T-Shirts and Lost in Translation

Even though I have been to China and Beijing a dozen times, I still felt lost three weeks into my four month stay in the capital city. My language skills were frustratingly limited. And all of the things which as adults we take for granted were just out of my reach. Every day I set myself a list of tasks to accomplish and returned home having failed to accomplish most of them. I felt like a 5 year old. I could walk and talk, but irritatingly unable to fend for myself on a basic level. Setting up a Chinese phone? Nope. Buying a subway pass? Think again. Depositing money in the bank? Only if you fill out these forms, correctly, and even then, probably a hard Failure. Purchasing a rug? Still haven’t accomplished that one! Adding to the challenges of setting up a living situation in China was that everywhere things seemed so foreign-so alien. Even something as familiar as T-Shirts often didn’t make sense. So I decided to document my “lost in translation” moments by photographing the various shirts walking past me on the street or sitting across the subway aisle. The funny thing is that looking over these shots they actually do make some sense now!
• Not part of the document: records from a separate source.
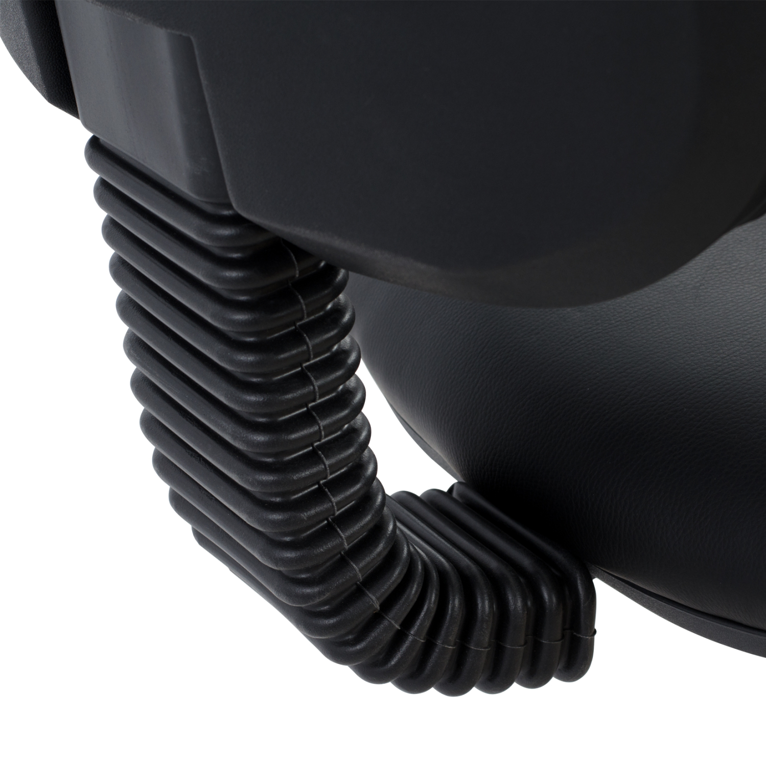 Τροχήλατη καρέκλα με μπράτσα, περιμετρικό υποπόδιο και ρυθμιζόμενη πλάτη και κάθισμα.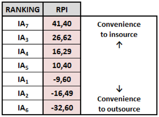 At last, after reiterating the application of (14) to every IA of the set, using the resulting numbers it is possible to order the IAs and build a ranking in order to prioritize the intangible resources (example provided in Section 5): the lower the RPI is, the most convenient is to outsource that intangible resource, and vice-versa.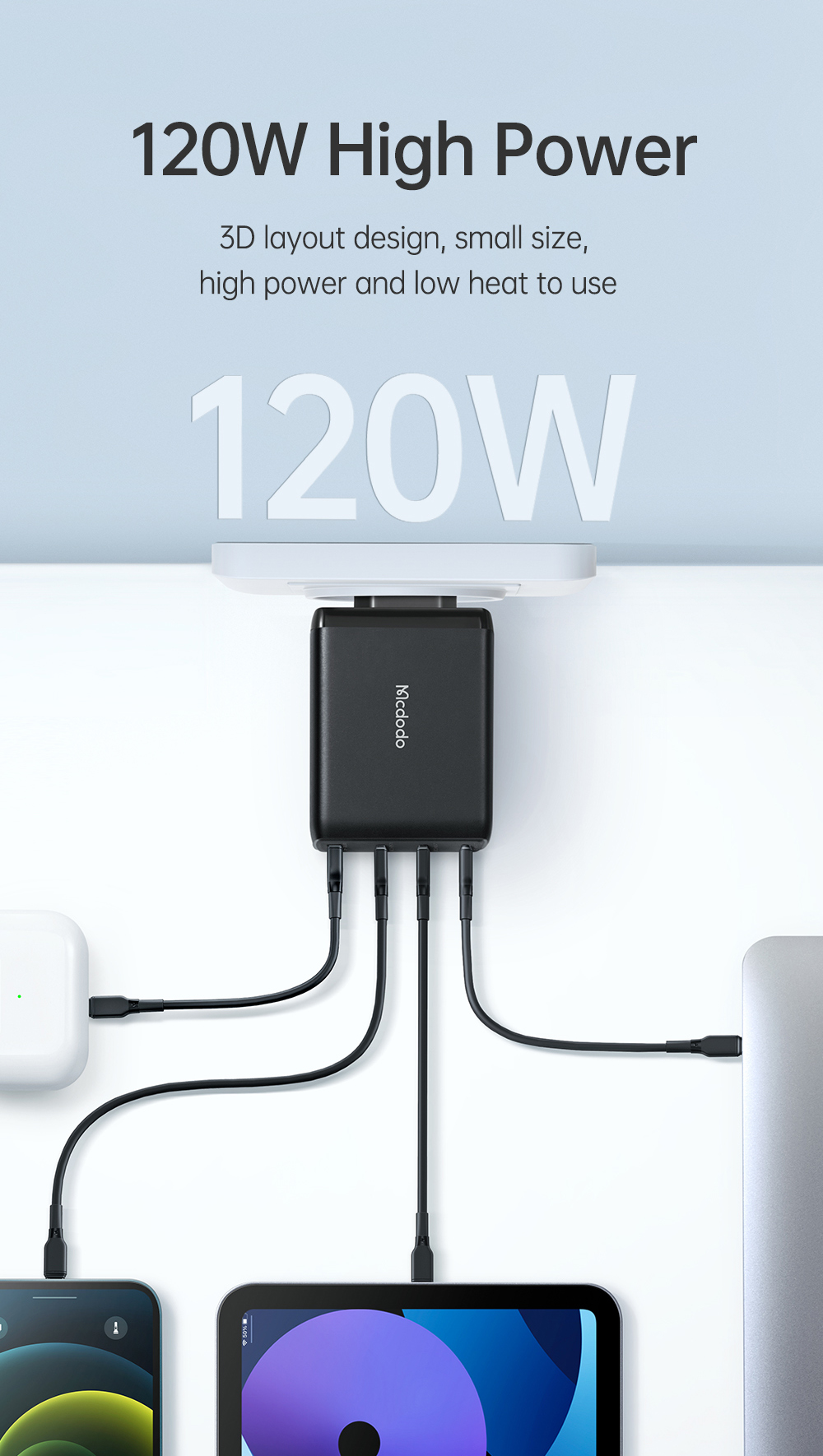 Mệt mỏi vì phải mang 3-4 củ sạc cho laptop, điện thoại, máy tính bảng? ⚡ Củ sạc Mcdodo 120W GaN chính là giải pháp "all-in-one". Với 4 cổng (3 Type-C, 1 USB), công nghệ GaN siêu nhỏ gọn và công suất 120W, củ sạc này sạc nhanh 2 laptop cùng lúc. Bộ sản phẩm còn kèm sẵn 1 cáp 100W 2m!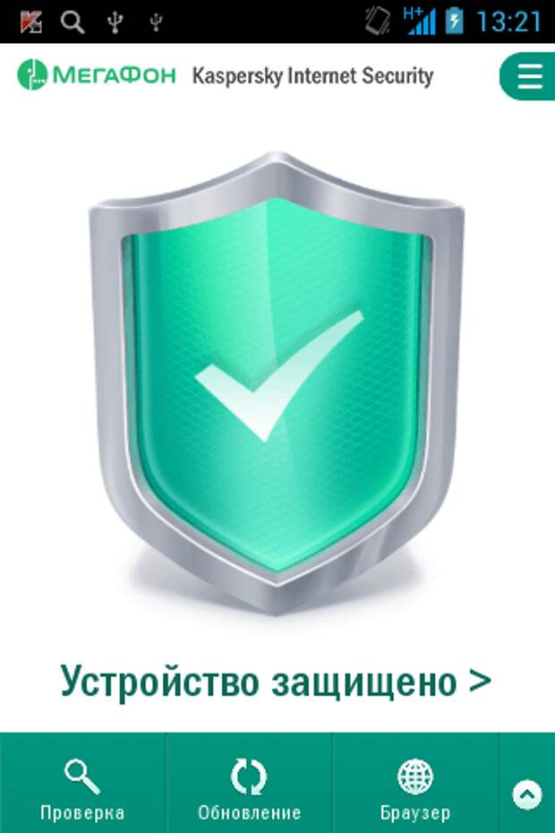 Приложение Kaspersky Internet Security для Android, созданное специалистами «Лаборатории Касперского» специально для абонентов «Мегафона», позволяет проверять устройство на наличие вредоносного кода в файлах, на картах памяти, в приложениях, загружаемых из Интернета, и SMS.

So maybe it’s just that the feeling of misunderstanding between cultures is a period of adjustment rather than something fixed and always. Maybe it just takes a bit of time living together for people to understand each other. My father always used to me when I was young, ” Don’t judge someone until you’ve walked a mile in their shoes.” Well, I’m revising his statement slightly by changing the article of clothing but the sentiment is the same. Enjoy.

This is a box of napkins. Totally befuddled by this one.

6 thoughts on “T-Shirts and Lost in Translation

  1. As long as you don’t eat the tissues thinking you’ll taste happiness, you’ll be fine! Good luck with the rug. Sending love from Vermont. Look forward to reading your next post.

    Liked by 1 person

  2. So most of the tshirts that you show us have slogans in English. Did you self-edit for this audience or is that the majority? Are there tshirt slogans in other languages?


  3. Hi David, Thinking about you, so I checked out your blog.

    Glad to see you are doing well….improving your Chinese as well as your mindfulness.


    1. Charlie, I’ve been missing our conversations and good practice at Nan Lao Shu. I’ve been learning an old form of tai chi originating in Wu Dang Mountains. Please say hello to Elise and all of the Saturday morning crowd. Best, David


  4. One of the first things that I noticed when I moved to China was the number of English-language t-shirts. Most didn’t make any sense. My theory was that having a t-shirt with English on it was a prestige thing, so it did’t matter what it said. When we had Jake and Ben I noticed that their t-shirts didn’t make any sense either.